Ditinjau dari segi berpindahnya suatu hukum, maka Istihsan dapat dibagi menjadi berbagai
macam Istihsan, di antaranya menurut Ulama Hanafiyah yaitu:
1. Berpindahnya suatu hukum dari Qiyas Zhahir kepada suatu Qiyas Khafi.
2. Berpindahnya suatu hukum yang ditetapkan oleh Nash yang umum kepada yang khusus.
3. Berpindahnya suatu hukum yang Kulli kepada hukum yang merupakan kekecualian.
ISTISHAB
Pengertian Istishab
Istishab secara etimologi berasal dari kata is-tash-ha-ba yang bermakna: menemani atau
menyertai. Sedangkan istishab secara terminologi, Imam Ibnu al-Subki mendefinisikannya
َأل
ِ َالثانِي ل ُِثب ُْو ِت ِه فِي ا وَّ ِل لِفُ ْقد
sebagai: ان َما َيصْ لُ ُح لِل َّت ْغ ِيي ِْر ٍ ت َأ
َّ مْر فِي ُ “ ُثب ُْوMenetapkan hukum atas masalah
hukum yang kedua berdasarkan hukum yang pertama karena tidak ditemukan dalil yang
mengubahnya.”
Menurut Ibnu al-Qayyim al-Jauziyah, merupakan tokoh Ushul Fiqh Hanbali yaitu:
menetapkan berlakunya suatu hukum yang telah ada atau meniadakan sesuatu yang
memang tidak ada sampai ada yang mengubah kedudukanya atau menjadikan hukum yang
telah di tetapkan pada masa lampau yang sudah kekal menurut keadaannya sampai
terdapat argumentasi (dalil) yang menunjukkan perubahannya.
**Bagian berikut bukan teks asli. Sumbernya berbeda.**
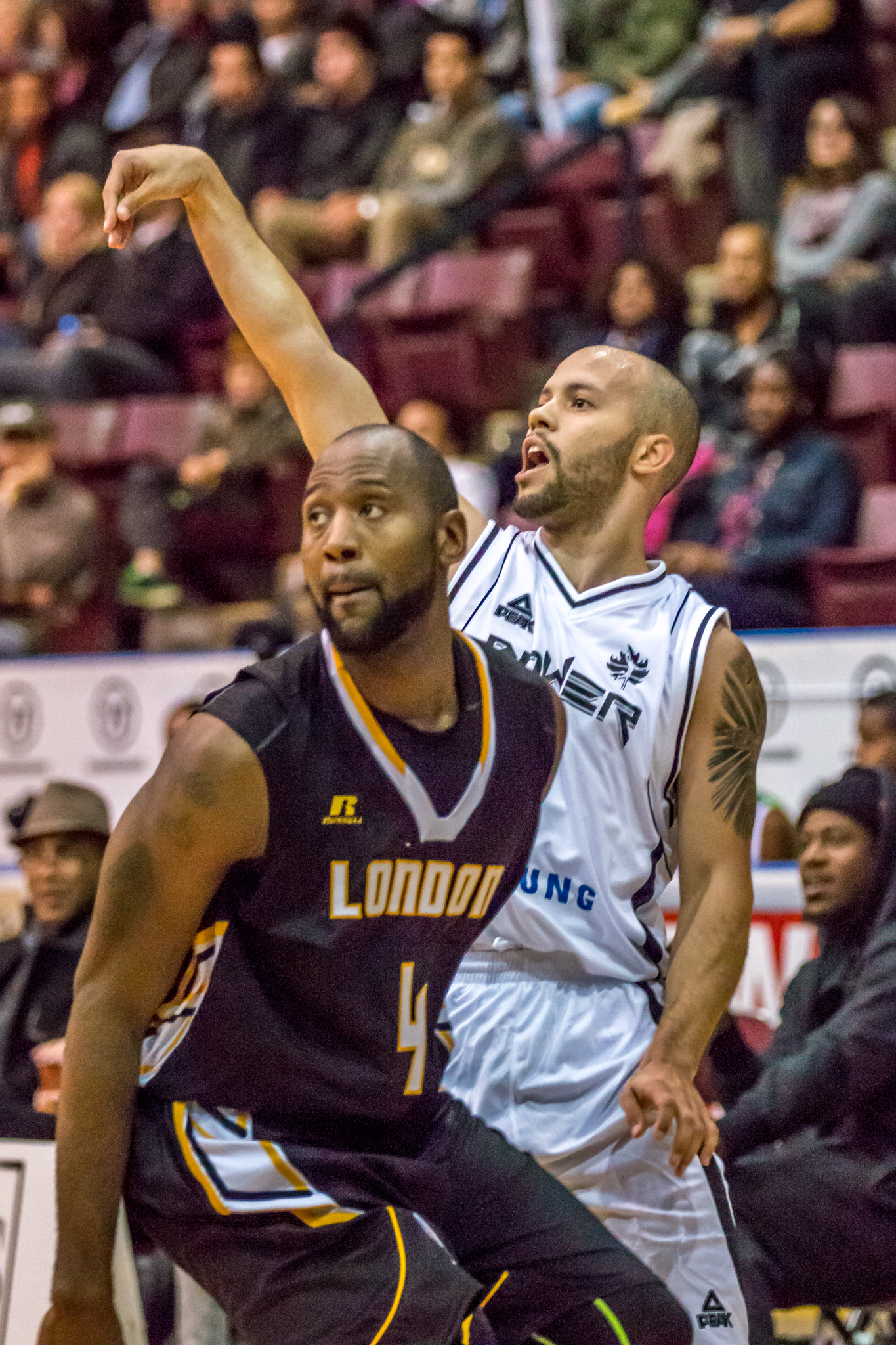 The Mississauga Power's Tyrell Vernon tries to get a shot past the London Lightning's Elvin Mims.

ثبت ماكان ثابتاونفي ماكان منفيا استخدامة
“Mengukuhkan/menetapkan apa yang pernah di tetapkan dan meniadakan apa yang
sebelumnya tidak ada.”
Al-Ghazali mendefinisikan al- Istishab adalah berpegang pada argumentasi (dalil akal) atau
Syara’, bukan didasarkan karena tidak mengetahui dalil, tetapi setelah melalui pembahasan
dan penelitian cermat, diketahui tidak ada dalil yang mengubah hukum yang telah ada.
Kehujahan istishab
Mayoritas ulama dari mazhab Maliki, Syafi’i, dan Hanbali menyatakan bahwa istishab
merupakan hujjah secara penuh, baik dalam mempertahankan sesuatu yang sudah ada
(daf’i), maupun menetapkan sesuatu yang belum ada (itsbat). Sedangkan ulama
muta’akhirin dari mazhab Hanafi, di antaranya imam Abu Zaid dan Shadrul Islam Abul Yusr,
berpendapat, istishab merupakan hujjah dalam mempertahankan sesuatu yang sudah ada
(daf’i), bukan menetapkan sesuatu yang belum ada (itsbat). Sementara, mayoritas ulama
mazhab Hanafi, sebagian ulama mazhab Syafi’i, Abul Husein al-Bashri, dan sekelompok
ulama ilmu kalam berpendapat, istishab bukan merupakan hujjah sama sekali.